PROVIDED RECORDS:
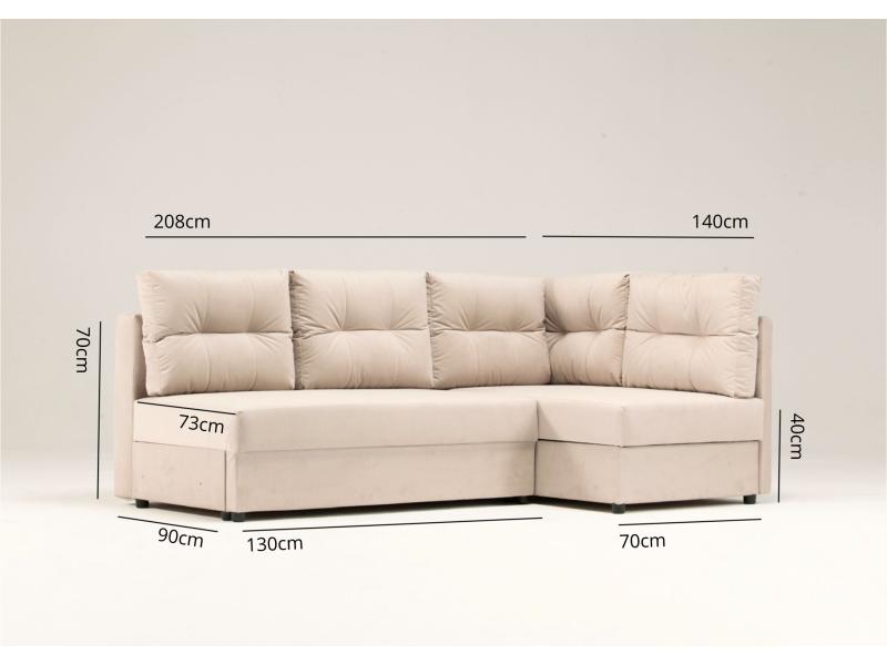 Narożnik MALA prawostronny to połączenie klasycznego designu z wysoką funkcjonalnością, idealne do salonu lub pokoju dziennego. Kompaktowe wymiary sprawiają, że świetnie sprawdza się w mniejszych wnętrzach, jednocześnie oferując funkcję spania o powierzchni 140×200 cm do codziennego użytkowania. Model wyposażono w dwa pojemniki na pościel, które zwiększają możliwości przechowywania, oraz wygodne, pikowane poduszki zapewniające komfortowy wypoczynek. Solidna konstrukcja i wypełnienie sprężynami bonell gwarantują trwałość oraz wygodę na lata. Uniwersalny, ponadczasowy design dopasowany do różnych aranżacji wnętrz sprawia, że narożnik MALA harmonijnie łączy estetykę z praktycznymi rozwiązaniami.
==
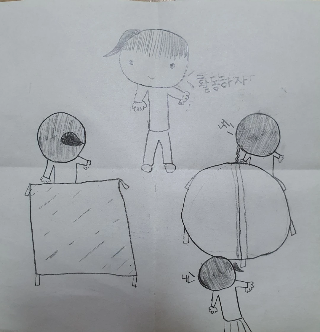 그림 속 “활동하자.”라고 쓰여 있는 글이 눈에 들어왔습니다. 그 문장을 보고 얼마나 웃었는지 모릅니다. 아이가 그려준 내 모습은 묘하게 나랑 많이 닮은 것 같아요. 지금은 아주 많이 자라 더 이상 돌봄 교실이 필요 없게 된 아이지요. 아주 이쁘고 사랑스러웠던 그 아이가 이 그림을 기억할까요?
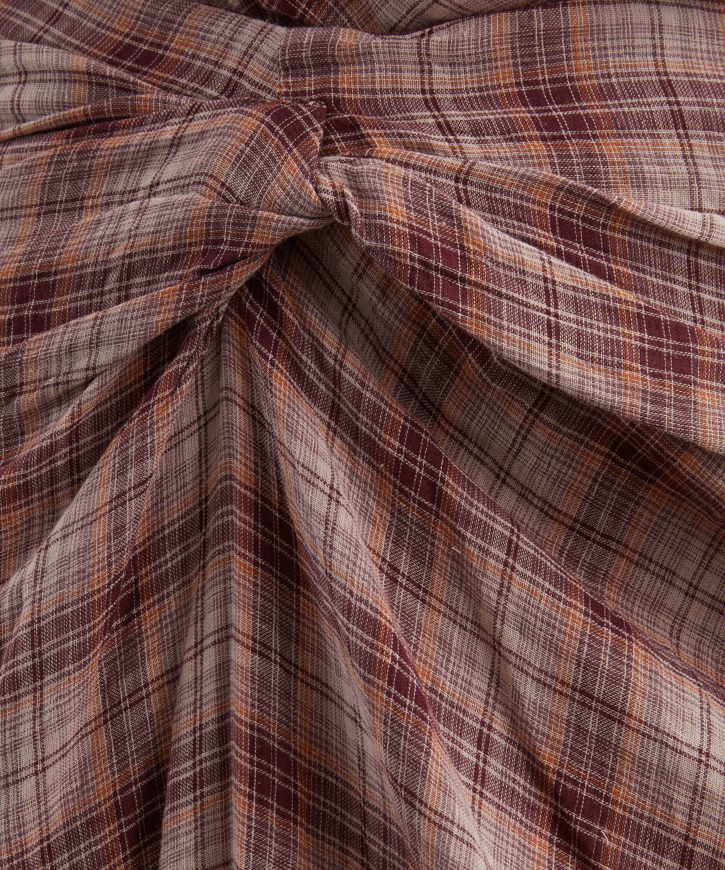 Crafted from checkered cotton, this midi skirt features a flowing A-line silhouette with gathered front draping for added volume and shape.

EXERCISE DETAILS:
Go to the line above holding "이 그림을 기억할까요?", then copy exactly each line down to and including the one holding "Crafted from checkered", leaving pictures out.

RESPONSE TO THE EXERCISE:
 그림 속 “활동하자.”라고 쓰여 있는 글이 눈에 들어왔습니다. 그 문장을 보고 얼마나 웃었는지 모릅니다. 아이가 그려준 내 모습은 묘하게 나랑 많이 닮은 것 같아요. 지금은 아주 많이 자라 더 이상 돌봄 교실이 필요 없게 된 아이지요. 아주 이쁘고 사랑스러웠던 그 아이가 이 그림을 기억할까요?
 Crafted from checkered cotton, this midi skirt features a flowing A-line silhouette with gathered front draping for added volume and shape.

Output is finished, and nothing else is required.